Chinese fashion retailer Shein‘s plan to list in the United States has been put on hold due to volatile capital markets amid heightened geopolitical tensions.
The stock market debut plan has now been put on hold for the second time as a result of the sharp markets volatility over the past month that has been exacerbated in recent days by Russia’s invasion of Ukraine, DealStreetAsia reported.
Amazon-backed Samara Capital plans a $500m fund. (FS)
Amazon-backed Samara Capital, a private equity firm, is planning to raise as much as $500m for a new fund targeting companies in Asia’s third-biggest economy.

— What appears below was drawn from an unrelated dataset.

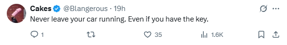 有网友提醒说:“永远不要在车发动的时候离开车,即使车钥匙在你手里。”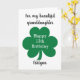 A personalized 13th birthday St. Patrick's Day card featuring a cloverleaf on the front. You will be able to easily personalize the front with the birthday recipient's details. The inside card message can also be personalized. This personalized St. Patrick's Day birthday card would make a unique card keepsake for your granddaughter, grandson and more.

The Mumbai-based company is looking to invest in businesses ranging from retail and health care to technology and finance, and plans to close the fund in the second half of 2022.
Samara is seeking to step up investments in a consumer market of a billion-plus people. Almost 120 companies, including online grocers to food delivery and beauty startups, raised about $18bn in initial public offerings last year, Bloomberg reported.
Fosun’s VC arm closes its third RMB fund at $317m. (FS)
Fosun RZ Capital, the venture capital arm of Chinese conglomerate Fosun International, has closed its third RMB-denominated fund at $317m. With this, its total assets under management have reached nearly $1.6bn.
Fosun RZ Capital joined hands with state-backed China SME Development Fund to launch the vehicle, Science and Technology Venture III RMB Fund. Shanghai’s Venture Capital Guiding Fund, as well as several Chinese state-owned and private-sector fund-of-funds, came in as new limited partners of the fund, in addition to existing LPs.
The fund will leverage Fosun’s industrial ecosystem to invest in and support the development of small and medium-sized enterprises in China. It targets investment opportunities in early- and growth-stage startups in the tech and new consumer goods sectors with a focus on semiconductor, self-driving, Software-as-a-Service, new energy, robotics, cybersecurity, and cross-border businesses., DealStreetAsia reported.
UBS appoints Kelvin Barry and Richard Sleijpen as Australasia banking co-heads. (People)
UBS Group has appointed new co-heads of its advisory and deals business in Australasia as part of a raft of internal leadership promotions announced Friday.
The Swiss bank named Kelvin Barry and Richard Sleijpen joint heads of global banking, Australasia. Nick Alexander has also been appointed as head of coverage and advisory in Australasia. Additionally, the lender’s co-head of M&A for the region Jon Mant becomes head of its Melbourne office. Katie Klosterman and Andrew Buchanan are now joint heads of UBS’ coverage of financial institutions group for Australasia. The bank has also elevated Matthew Beggs to co-head of equity capital markets for the region alongside Alex Dignam.
The internal appointments come after the region was rocked by poaching and defections, with new rival investment banks hiring aggressively last year. Anthony Sweetman, co-chief executive officer of Australasia for UBS, said in March the bank would pay up for top talent to rebuild its team, Bloomberg reported.